Gary, Indiana doesn’t quickly come to mind when one thinks of the Prohibition Era in the Midwest. Chicago, Al Capone and the St. Valentine’s Day Massacre are more obvious choices. I’ve heard stories that Gary’s close proximity to Chicago gave those gangsters a place to hide out; that there were tunnels connecting the two cities for ease of escape. So when I decided that I wanted to write a Prohibition Era story set in Gary, Indiana, I thought I’d have to make my imagination work overtime. That I’d have to find some tenuous connection between the steel mill and bootlegging to make it somewhat interesting.
That wasn’t the case.
Research is a beautiful thing. I’ve always embraced the lesson that setting is a writer’s best friend, especially if there is a historical element to it. While digging into Gary’s Prohibition past, I learned that the city had its own share of issues with the Volstead Act. There was a Little Italy section and its own Black Hand. I learned that there were bookies, bootleggers, brothels, speakeasies and corrupt public figures who ran the rackets better than the gangsters they were supposed to prosecute. James Lane’s City of the Century led me to real-life gangster Gasperi (or Gaspari) Monti who ruled the city’s Little Italy section until his violent death in 1923.
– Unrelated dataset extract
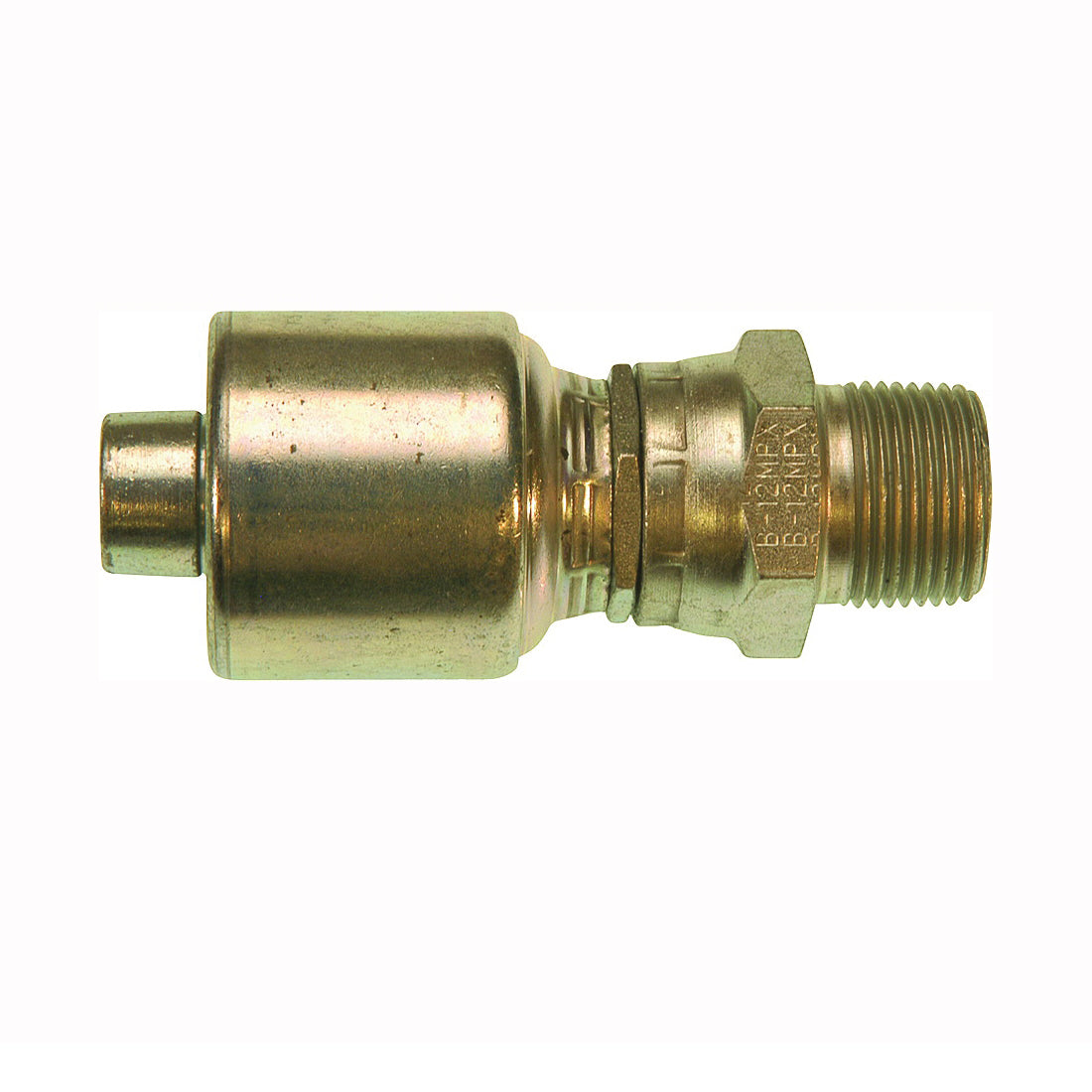 Gates MegaCrimp Hose Coupling, Nominal Size: 3/8-18, Crimp x NPTF Connection, Angle: Straight, Stem Hex Size: 5/8 in, Steel, Zinc, Hex Size: 7/8 in, Cut-Off Length: 1.71 in, 3/8 x 3/8 in Dia, 2.81 in L, Suitable for: CM2T, G1, G1H, G2, G2H, G2L, G2XH, G3H, G4H, GMV, GTH, GTHX, J2AT, M-XP, M2T, M3K, M3KH, M4 Series Hose
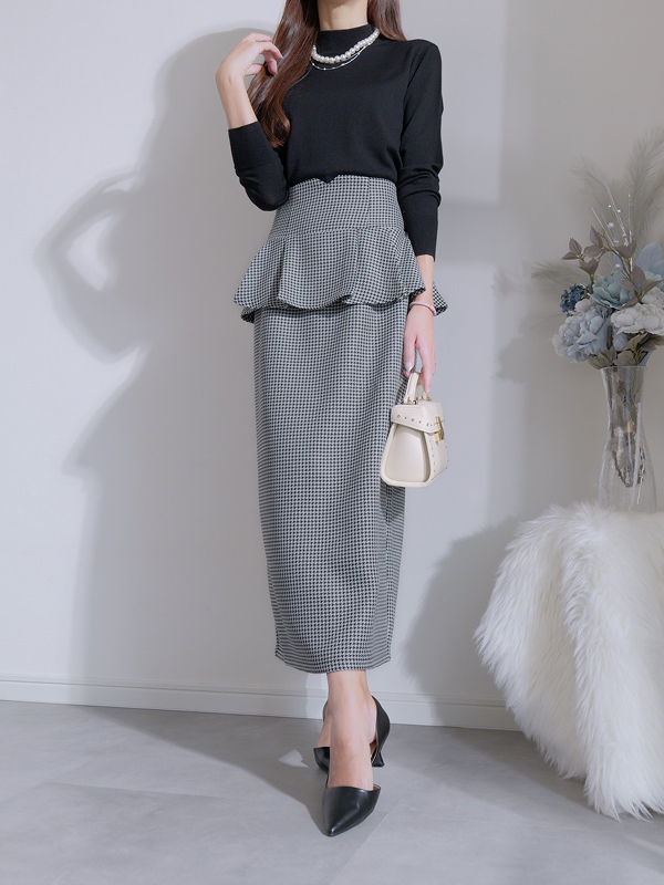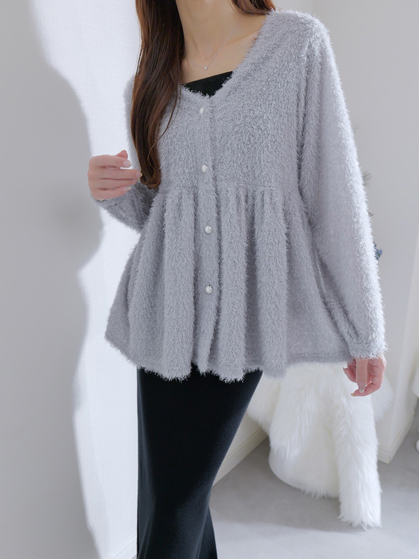 美しく、くびれを描く Vネックペプラムニット

According to local newspaper reports, Monti is best known as the government’s star witness in a corruption case against more than sixty judges, prosecutors, policemen, and even then-Gary mayor Roswell Johnson, all for violating Prohibition laws. At the time, the Gary Police Department had a special enforcement arm called the Sponge Squad that arrested bootleggers, and then would sell liquor confiscated in the arrests to line their pockets and the pockets of everyone else up the law enforcement chain in Lake County. Monti made a deal with federal prosecutors to expose the corruption, but was gunned down in broad daylight by two unknown assailants on March 13, 1923, just days before he was scheduled to testify.
Monti was no stranger to violence and attempts on his life. In 1922, he’d been shot through the mouth by a man who’d shot him a year prior. He owned and operated the Black and Tan Club in the 1700 block of Adams Street where shooting deaths were commonplace. Even Monti’s wife, Mary, was into the rackets. After her husband was killed, police found illegal liquor and several pounds of explosives in her home.
Gary, Indiana’s past never ceases to amaze me. The further I go back in time, the more fodder I find for fiction. I imagine there are several genres I can squeeze out of the life of Gasperi Monti.